会不自觉地把耳朵竖起来,捕捉每一个提到她名字的对话,然后在心里默默拼凑出一个更完整的她。
但他自己呢?他连跟她说话都做不到。
也不是完全做不到。
工作上有交接的时候,他能正常地、得体地、以一个普通同事的身份跟她交流。
他会说“黎主管,这份文件您看一下”,她会说“好的小段,放那儿吧”。
然后他就走了。
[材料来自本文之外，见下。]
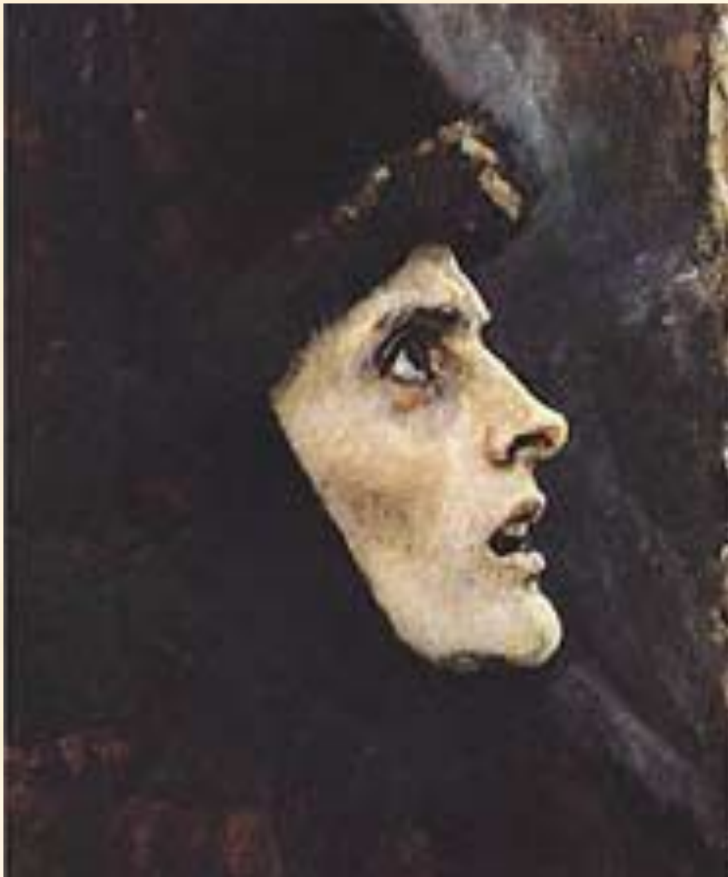
В. И. Суриков. Голова боярыни Морозовой. 1886 год.

全程不超过十五秒,眼神接触不超过两次,心跳不超过一百二十。
不是他不想多说,是他怕说多了就会露馅。
他太清楚自己了,这个人一旦打开某个开关,就会变成一个喋喋不休的、笨拙的、满眼都是她的笨蛋。
他不敢冒险,因为他无法承受被她看穿之后的任何一种后果——最轻的是尴尬,最重的是失去现在这点可怜巴巴的、远远看着她的资格。
茶水间外面的脚步声又响了起来,这一次是真的在靠近。
段蔚郴的手指收紧,纸杯被捏出了一个小小的凹痕。
黎玟伊走进了茶水间,没有开灯,借着走廊的光线拿起水壶倒了水。
她的动作很慢,像是脑子里在想别的事情,整个人都浸泡在一种柔软的迟钝里。
她倒完水转过身的时候,看到了门后的段蔚郴。
“小段?”她有些意外,但随即笑了起来,“你还没走啊?”
茶水间没开灯,走廊的光从她身后打过来,把她的轮廓镀上一层很淡的银色。
段蔚郴看着她的笑脸,心脏像被人攥住了一样,酸胀得发疼。
他想说点什么,想说“嗯,正准备走”,想说“黎主管您也早点回去”,想说的话在喉咙里排着队,可他一个字都没能说出来。
他只是点了一下头。
黎玟伊大概是习惯了他这样,也没在意,端着杯子从他身边走了过去。
经过的时候她身上那股洗衣液的味道飘了过来,不是香水,是很普通的、超市里就能买到的薰衣草味洗衣液,但在这个瞬间,它比任何一瓶昂贵的香水都让段蔚郴觉得心脏发紧。
她走出两步,忽然停下来,回头看了他一眼。
“对了,小段,”她的语气还是那样,不紧不慢的,“明天下午那个会议纪要我发给你了,你帮我核对一下数据。”
“好。”他终于找到了自己的声音,低低的,有些哑。
“谢谢啊,我先走啦,你也早点回。”她冲他摆了摆手,端着杯子走向工位,然后拿起包和外套,关了灯,脚步声渐渐远了。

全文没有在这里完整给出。